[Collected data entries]
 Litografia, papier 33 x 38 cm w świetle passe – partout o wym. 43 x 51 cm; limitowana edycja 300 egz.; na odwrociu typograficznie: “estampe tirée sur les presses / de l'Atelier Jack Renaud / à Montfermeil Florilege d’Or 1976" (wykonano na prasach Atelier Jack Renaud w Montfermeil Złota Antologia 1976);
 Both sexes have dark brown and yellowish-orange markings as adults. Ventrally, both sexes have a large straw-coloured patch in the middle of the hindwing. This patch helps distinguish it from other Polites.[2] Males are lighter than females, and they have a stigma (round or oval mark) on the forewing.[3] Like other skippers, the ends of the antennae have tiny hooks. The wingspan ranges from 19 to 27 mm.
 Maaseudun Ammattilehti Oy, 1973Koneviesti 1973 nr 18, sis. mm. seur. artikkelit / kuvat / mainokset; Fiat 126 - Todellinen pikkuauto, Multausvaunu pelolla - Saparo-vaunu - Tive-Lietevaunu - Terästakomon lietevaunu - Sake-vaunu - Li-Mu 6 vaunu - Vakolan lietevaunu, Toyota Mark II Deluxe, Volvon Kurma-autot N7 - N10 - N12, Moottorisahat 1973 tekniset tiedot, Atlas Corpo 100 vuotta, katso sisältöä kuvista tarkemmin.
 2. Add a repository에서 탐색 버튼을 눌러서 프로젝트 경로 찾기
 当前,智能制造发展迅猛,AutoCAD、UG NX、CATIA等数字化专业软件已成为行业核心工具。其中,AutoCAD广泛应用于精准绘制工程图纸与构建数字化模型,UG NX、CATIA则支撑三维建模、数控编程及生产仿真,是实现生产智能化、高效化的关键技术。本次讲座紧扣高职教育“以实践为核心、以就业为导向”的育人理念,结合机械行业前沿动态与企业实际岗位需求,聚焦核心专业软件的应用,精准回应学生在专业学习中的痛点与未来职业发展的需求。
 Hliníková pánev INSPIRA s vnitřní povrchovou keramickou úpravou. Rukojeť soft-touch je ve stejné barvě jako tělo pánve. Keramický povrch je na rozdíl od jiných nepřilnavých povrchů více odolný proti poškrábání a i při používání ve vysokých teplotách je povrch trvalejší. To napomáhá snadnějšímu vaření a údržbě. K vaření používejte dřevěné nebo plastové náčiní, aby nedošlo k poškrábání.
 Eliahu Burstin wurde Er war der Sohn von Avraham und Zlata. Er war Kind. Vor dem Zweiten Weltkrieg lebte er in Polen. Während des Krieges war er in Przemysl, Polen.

- _What this task involves_: The reply should contain all of the entries exactly as shown above.

- _Solved exercise_:
 Litografia, papier 33 x 38 cm w świetle passe – partout o wym. 43 x 51 cm; limitowana edycja 300 egz.; na odwrociu typograficznie: “estampe tirée sur les presses / de l'Atelier Jack Renaud / à Montfermeil Florilege d’Or 1976" (wykonano na prasach Atelier Jack Renaud w Montfermeil Złota Antologia 1976);
 Both sexes have dark brown and yellowish-orange markings as adults. Ventrally, both sexes have a large straw-coloured patch in the middle of the hindwing. This patch helps distinguish it from other Polites.[2] Males are lighter than females, and they have a stigma (round or oval mark) on the forewing.[3] Like other skippers, the ends of the antennae have tiny hooks. The wingspan ranges from 19 to 27 mm.
 Maaseudun Ammattilehti Oy, 1973Koneviesti 1973 nr 18, sis. mm. seur. artikkelit / kuvat / mainokset; Fiat 126 - Todellinen pikkuauto, Multausvaunu pelolla - Saparo-vaunu - Tive-Lietevaunu - Terästakomon lietevaunu - Sake-vaunu - Li-Mu 6 vaunu - Vakolan lietevaunu, Toyota Mark II Deluxe, Volvon Kurma-autot N7 - N10 - N12, Moottorisahat 1973 tekniset tiedot, Atlas Corpo 100 vuotta, katso sisältöä kuvista tarkemmin.
 2. Add a repository에서 탐색 버튼을 눌러서 프로젝트 경로 찾기
 当前,智能制造发展迅猛,AutoCAD、UG NX、CATIA等数字化专业软件已成为行业核心工具。其中,AutoCAD广泛应用于精准绘制工程图纸与构建数字化模型,UG NX、CATIA则支撑三维建模、数控编程及生产仿真,是实现生产智能化、高效化的关键技术。本次讲座紧扣高职教育“以实践为核心、以就业为导向”的育人理念,结合机械行业前沿动态与企业实际岗位需求,聚焦核心专业软件的应用,精准回应学生在专业学习中的痛点与未来职业发展的需求。
 Hliníková pánev INSPIRA s vnitřní povrchovou keramickou úpravou. Rukojeť soft-touch je ve stejné barvě jako tělo pánve. Keramický povrch je na rozdíl od jiných nepřilnavých povrchů více odolný proti poškrábání a i při používání ve vysokých teplotách je povrch trvalejší. To napomáhá snadnějšímu vaření a údržbě. K vaření používejte dřevěné nebo plastové náčiní, aby nedošlo k poškrábání.
 Eliahu Burstin wurde Er war der Sohn von Avraham und Zlata. Er war Kind. Vor dem Zweiten Weltkrieg lebte er in Polen. Während des Krieges war er in Przemysl, Polen.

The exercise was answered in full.